RISK INSIGHT: DOL Contractor Guidance Withdrawn
On June 7, 2017, the federal Department of Labor (DOL) issued a news release informing employers that the DOL Secretary, Alexander Acosta, has officially withdrawn previous informal guidance regarding independent contractors and joint employment.
Previously, the DOL released informal guidance letters in 2015 and 2016 focused on employee/employer relationships and whether employer were misclassifying workers to avoid labor costs.
In the 2015 guidance, the agency focused on the definition of “independent contractor” and the economic dependence of the worker rather than the traditional “control test”. This guidance created a very narrow interpretation of the definition of independent contractor by focusing on six factors of employment rather than giving more weight to the traditional control factor. This guidance would have likely resulted in more workers being classified as employees under this guidance.

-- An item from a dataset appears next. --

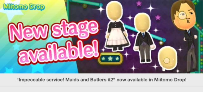 Miitomo has been updated with new content. Players can nab the latest items in the Miitomo Drop stage, “Impeccable service! Maids and Butlers #2”.

The 2016 DOL guidance focused on joint employment under the Fair Labor Standards Act (FLSA) and the liability for complying with FLSA. The agency previously interpreted the law to require organizations jointly liable for complying with the FLSA when two or more employers jointly employed the same worker. The hours worked by these by these employees were aggregated and considered as one employer for purposes of overtime pay.
The withdrawal of this guidance may signify the current administration’s commitment to remove administrative and economic burdens, particularly in the area of employer/employee relationships.
Many employers who utilize independent contractors and/or joint employer relationships will welcome the withdrawal of this guidance. Please keep in mind that the DOL has made it clear that this withdrawal does not change current employer compliance obligations under the law. Unless further guidance is issued, employers are strongly advised to consider all current guidance in making employment relationship determinations.